Though social attitudes always have many causes, I think the major reason for the myth of the fascist establishment is simple snobbery. For the elite, friendliness to diversity is the hallmark of tolerance, open-mindedness, courage, and intelligence. Consequently, not only do the elites boast of their own courageous embrace of diversity, but fabricate a fictional fascist white majority as a foil for their own superior tolerance. To this combination of boastfulness and scapegoating, I give the name “diversity snobbery.”

One sees diversity snobbery at work everywhere in the coverage of this election. Certainly, boastfulness is not hard to find among Obama’s supporters. Bob Herbert of the New York Times, for example, smugly asserts that the Obama campaign appeals “to a new generation of voters—younger, smarter, more diverse, more open-minded.”

Meanwhile, the press has made McCain and Palin out to be stoking a “lynch-mob mentality” in their supporters, in the words of left-wing smear artist Keith Olbermann of MSNBC. For example, the press was remarkably eager to believe an unsubstantiated allegation that someone at a Palin rally yelled “Kill him!” when Barack Obama was mentioned. Olbermann dwelt on the incident for a week, ranting at one point:

on this you’re not only a fraud, Senator [McCain], but you are tacitly inciting lunatics to violence… Suspend your campaign now, until you, or somebody else, gets some control over it and it ceases to be a clear and present danger to the peace of this nation.

Frank Rich of the New York Times accused McCain and Palin of stirring up a “Weimar-like rage” in their supporters, alluding to the period of German history that saw the rise of Nazism. A secret service investigation, however, found no evidence that the phrase had been uttered. Neither Olbermann nor Rich has apologized for the smear.

As has happened so many times before, journalists’ eagerness to believe that violent racism is rampant among whites made them fall for an unsupported accusation. That the elites prove so consistently gullible to this type of claim indicates that some powerful motive is at work here. Snobbery, I think, is a good explanation: by casting the white majority as bigoted rednecks, Olbermann, Rich, and their fans reaffirm their own sense of superior open-mindedness and tolerance.

The press has made many similar gaffes in its coverage of Sarah Palin, which have tended to exaggerate her authoritarianism and ignorance. ABC News reported—the words were subsequently removed from the story—that Sarah Palin had fired a Wasilla librarian for refusing to ban books when she was mayor of the Alaska town in 1996. However, this rumor turned out to be without substance.
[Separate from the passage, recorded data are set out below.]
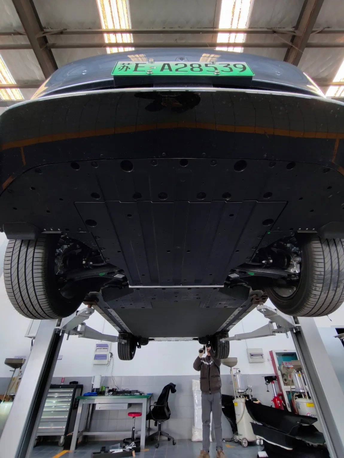 售后中心工作日人不多,电尾门全程用积分换就行,共22800积分。直接买也一样,1884设备费+396工时费。安装时间大概1.5-2h🕚,我还拍了张底盘照片~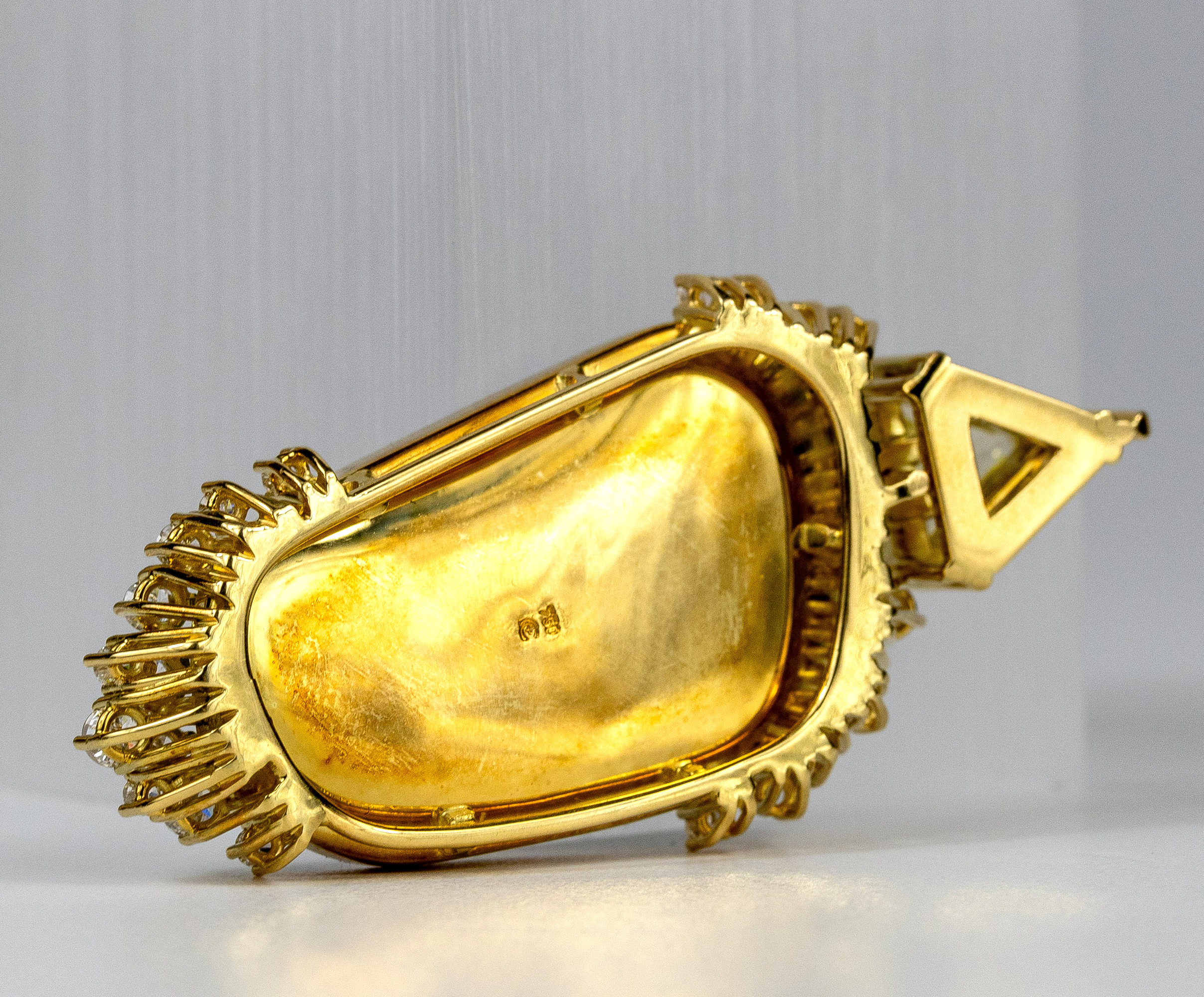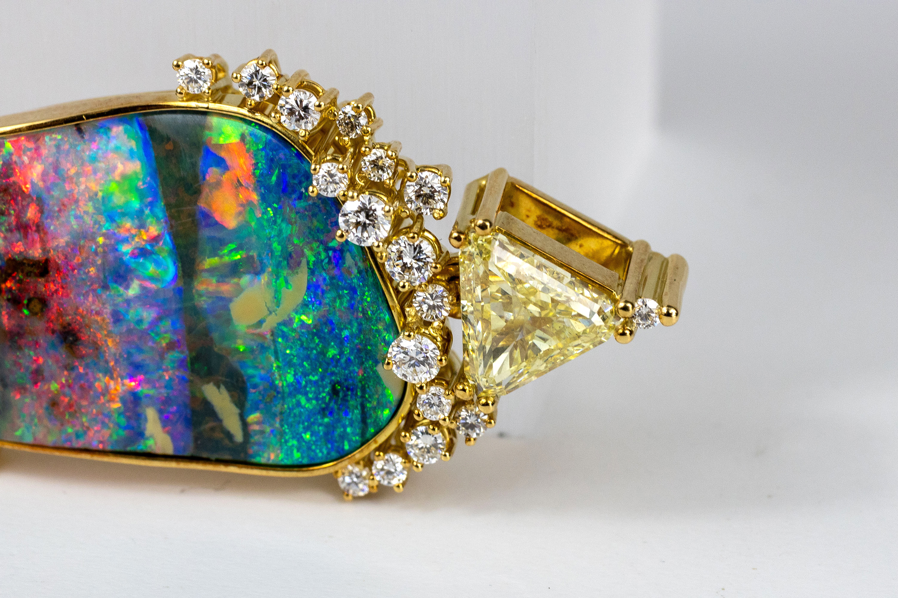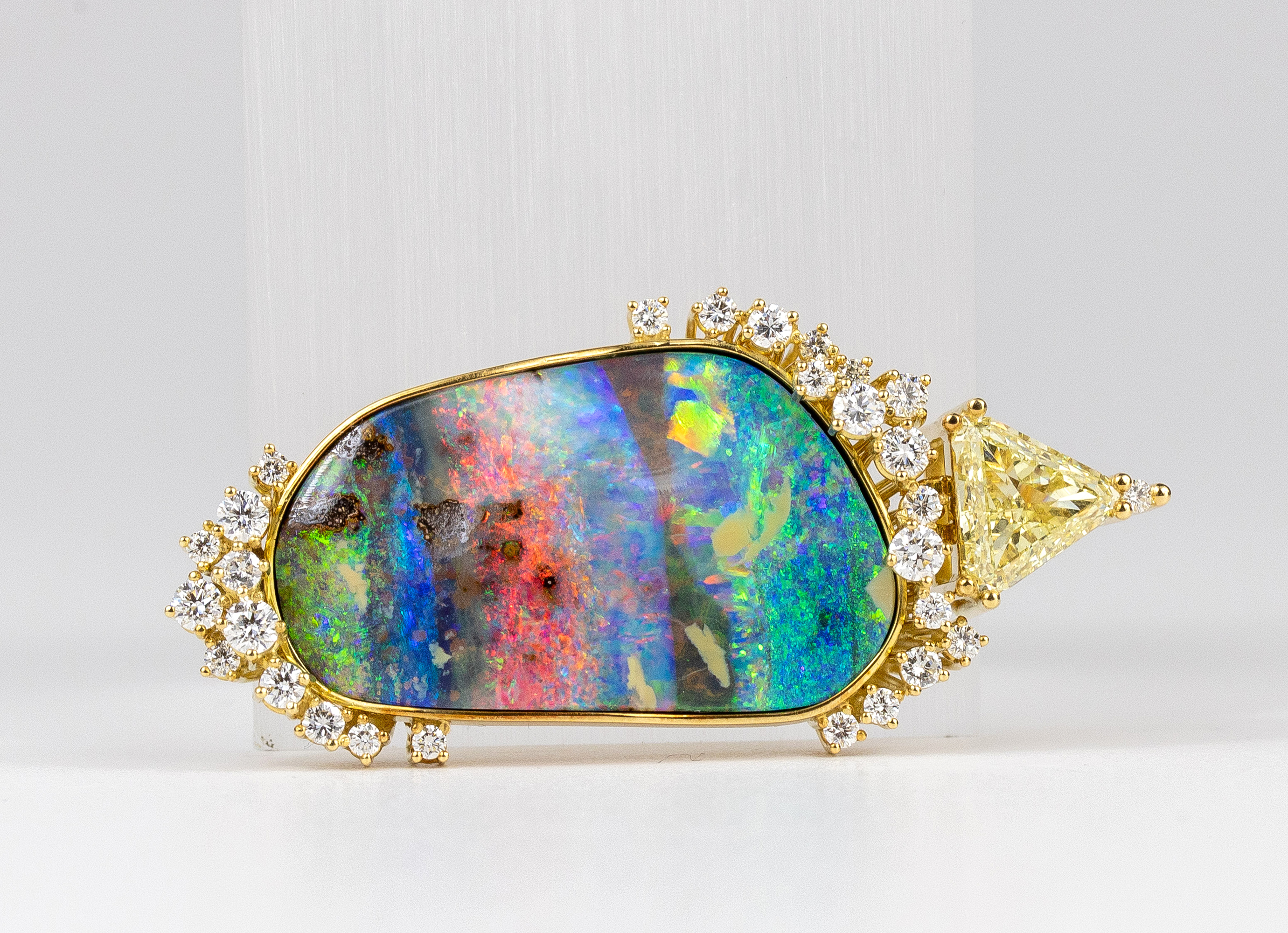 Anhänger mit Boulder-Opal gefasst in 750/Gelbgold, Diamant (Triangel) ca. 2,2ct. Vs2/Fancy Yellow und Brillanten zus. ca. 1,6ct. Vs-Si/G-J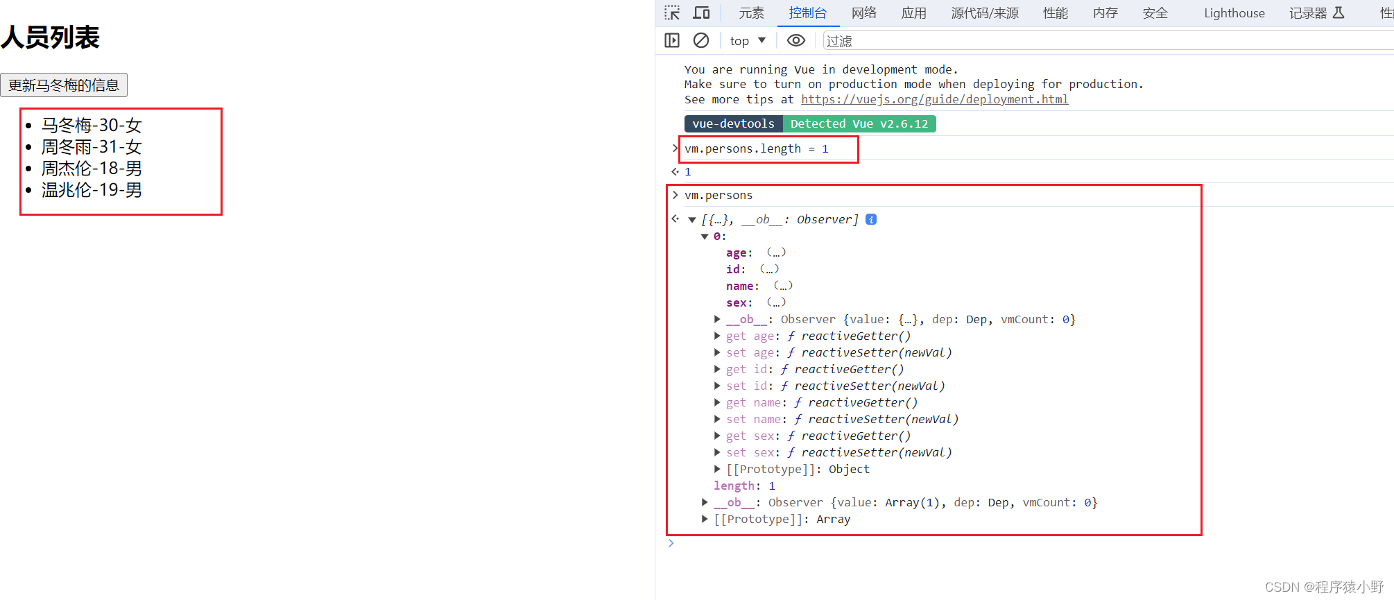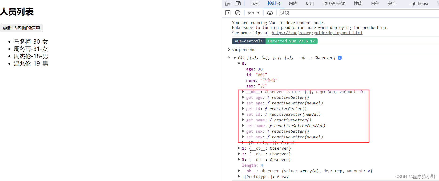 但是为什么通过数组下标.属性名 this.persons[0].name,这种修改的方式可以更新视图呢? 主要是因为数组中对象的属性都被添加了getter/setter

Olbermann comes right out and calls Palin “stupid,” but usually the press is a bit more subtle. When Palin asked for clarification of the term “Bush doctrine” in an interview, many commentators accused her of ignorance on foreign policy. However, given that there have been many versions of the Bush Doctrine, the question was a reasonable one.
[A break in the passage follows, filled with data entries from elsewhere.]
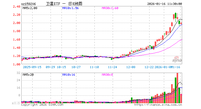 1月16日,截止午间收盘,卫星ETF(159206)涨1.37%,报1.995元,成交额19.05亿元。卫星ETF(159206)重仓股方面,睿创微纳截止午盘跌0.74%,航天电子跌1.53%,中国卫星跌1.71%,复旦微电涨0.12%,上海瀚讯涨3.96%,中兴通讯跌0.45%,华力创通涨0.59%,电科芯片涨3.01%,隆盛科技涨1.37%,振芯科技跌0.28%。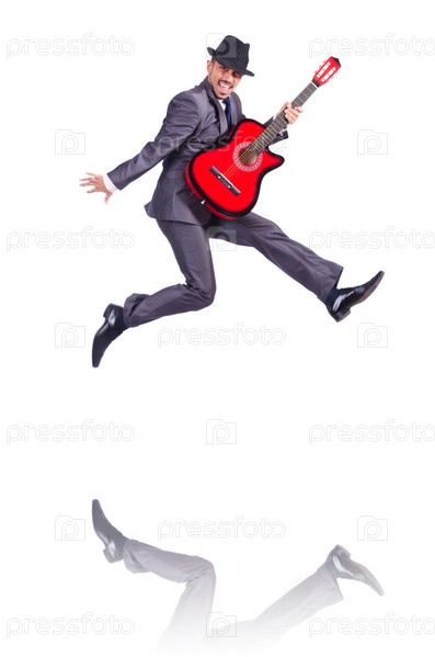 Бизнесмен с гитарой, изолированный на белом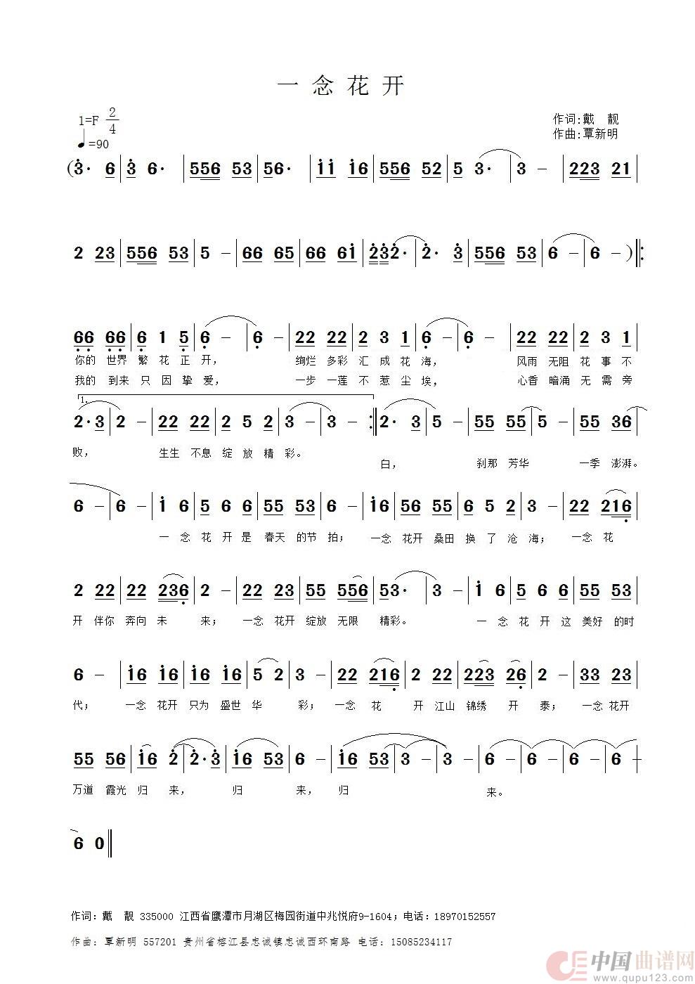 关于《一念花开》曲谱的评论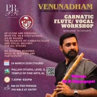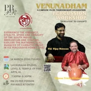 PR Events and Thrive Talent Tank are committed to strengthening the local Malaysian music fraternity. In line with this mission, a series of three workshops – Carnatic flute/vocal, Nathaswaram, and percussion – will be held today, on the evening of March 14, 2024, by the visiting artists. Furthermore, the concert itself will feature an opening Malaysian segment, in collaboration with iCAN (Indian Classical Artiste Network), Malaysia’s largest NGO encompassing Indian classical dance and music practitioners nationwide. PR Events and Thrive Talent Tank will also collaborate with The Temple of Fine Arts, Kuala Lumpur, and the Nethaji Subash Chandra Bose Indian Cultural Centre, KL, for the workshops.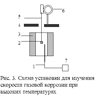 Испытуемый образец 2 подвешивают на нихромовом или кварцевом подвесе 5, состоящем из нескольких звеньев, в вертикальной трубчатой печи сопротивления 3, к коромыслу аналитических весов 6. Температуру в печи замеряют хромель-алюмелевой термопарой 1 и записывают на потенциометре КСП – 4 – 7. Конец термопары должен находиться вблизи испытуемого образца. Чтобы избежать нагрева весов, между печью и весами устанавливается экран 4. Работа по исследованию скорости окисления металла проводится следующим образом: включают обогрев печи и потенциометр КСП – 4. По достижению заданной температуры (регулируют при помощи ЛАТРа) подвешивают в печи испытуемый образец 2 и через 1 – 2 мин его взвешивают. За это время образец принимает температуру печи, но еще не успевает заметно окислиться. Далее в течение 1 – 2 ч через заданные преподавателем промежутки времени продолжают взвешивание образца. По окончании опыта при данной температуре образец вынимают, устанавливают в печи следующую заданную температуру, подвешивают в печи новый образец такого же металла и повторяют опыт в том же порядке. Результаты опытов по исследованию кинетики газовой коррозии сводят в таблицу по образцу. По табличным данным для каждой температуры строят графики в координатах G1 – τ, Δ G12 – τ и Δ G1 – ln τ, устанавливая таким образом, по какому закону идет окисление в определенной температурной области.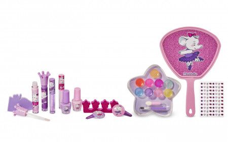 Setul suprem pentru iubitorii de machiaj si culoarea roz Aceasta cutiuta cu un frumos elefant in fusta de balet include patru luciuri de buze doua lacuri de unghii o pila de unghii un separator de pedichiura o paleta in forma de stea cu noua farduri de pleoape stralucitoare si aplicatoare doua agrafe o oglinda XXL si autocolante pentru unghii. Ingrediente Oja Pe Baza De Apa Apa Stiren Copolimeri Acrilati Acid Poliacrilic Propilenglicol Silica Fenoxietanol Parfum Limonen Linalol Citronelol Colorant Ci 77742 Ci 77891 Ci 19140 Ci 15850. Martinelia este un brand care face parte din grupul Aquarius Cosmetic SL principalul distribuitor de parfumuri si cosmetice in Spania inca din anul 1995. in ziua de astazi brandul se gaseste in toata lumea nu doar in Spania. Produsele brandului la Martinelia pot fi recunoscute cu usurinta datorita ambalajului unic si jucaus. in oferta brandului Martinelia veti gasi seturi de cadouri accesorii pentru par popularele balsamuri de buze aromate si alte accesorii care vin in ambalaje haioase. Copiii vor fi incantati de produse precum setul decorativ in forma de ursulet peria de par unicorn sau periuta de dinti cu sirene. Martinelia ofera pentru cei mici o gama larga de produse distractive si inovatoare in toate culorile curcubeului. Seturi de machiaj rujuri si tot felul de produse si accesorii concepute pentru a tine pasul cu ultimele tendinte. Produsele sunt sigure si prietenoase cu mediul fiind special proiectate pentru a putea fi folosite de copii.Specificatii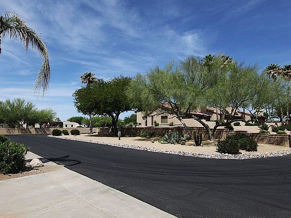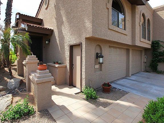 This bright end unit in The Villas is furnished and move-in ready! It features an open great room with high ceiling and fireplace, and adjoining dining area, two spacious bedrooms and baths up a few steps. Charming patio has an awning and plenty of space to relax and enjoy the wonderful mountain views. Large two-car garage with storage area comes complete with golf cart. Fully furnished means EVERTYHING - dishes, linens, furniture, accessories, tools - lock, stock and barrel! The Villas homeowners association takes care of exterior landscaping and paint so you can spend your time golfing, participating in community activities or just enjoying the beautiful Rio Verde setting.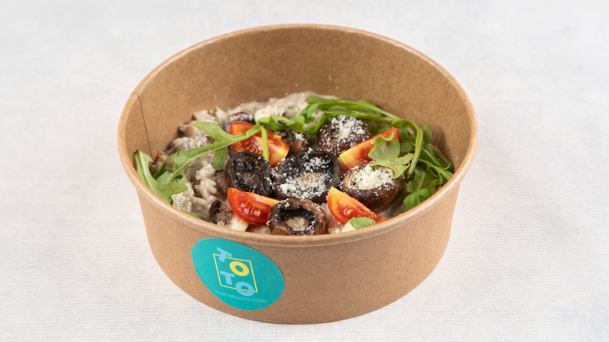 Pirinač, organski šampinjoni, pavlaka, parmezan, rukola, cherry paradajz

These exaggerations clearly fit into the logic of diversity snobbery. The fictional narrow-mindedness, ignorance, and authoritarianism of the Republicans throws into relief the elites’ intelligent and broad-minded openness.

Barack Obama himself has artfully appealed to diversity snobbery. In his notorious “Bittergate” comments, the candidate maintained that small-town Americans “cling to” guns, religion, and immigration restrictionism out of bitterness and frustration. Similarly, Obama contrasts the Republican “politics of fear” with his own message of “change” and “hope.” The moral is clear: only bitter, frustrated, fearful losers stuck in the past oppose white dispossession and the eradication of traditional American culture. Successful, savvy people like Obama and his supporters are open to diversity.

Diversity snobbery substitutes insult for argumentation and persuades by appealing to people’s vanity rather than their reason. This elite arrogance is responsible for the distinctive nastiness and shallowness that characterizes today’s political debate. Republicans, after all, are so terrified of being smeared by diversity snobs that they refuse to address the legitimate concerns of white Americans. Consequently, their anger over affirmative action, welfare policies that “spread the wealth” from whites to minorities, and mass immigration continues to fester in silence.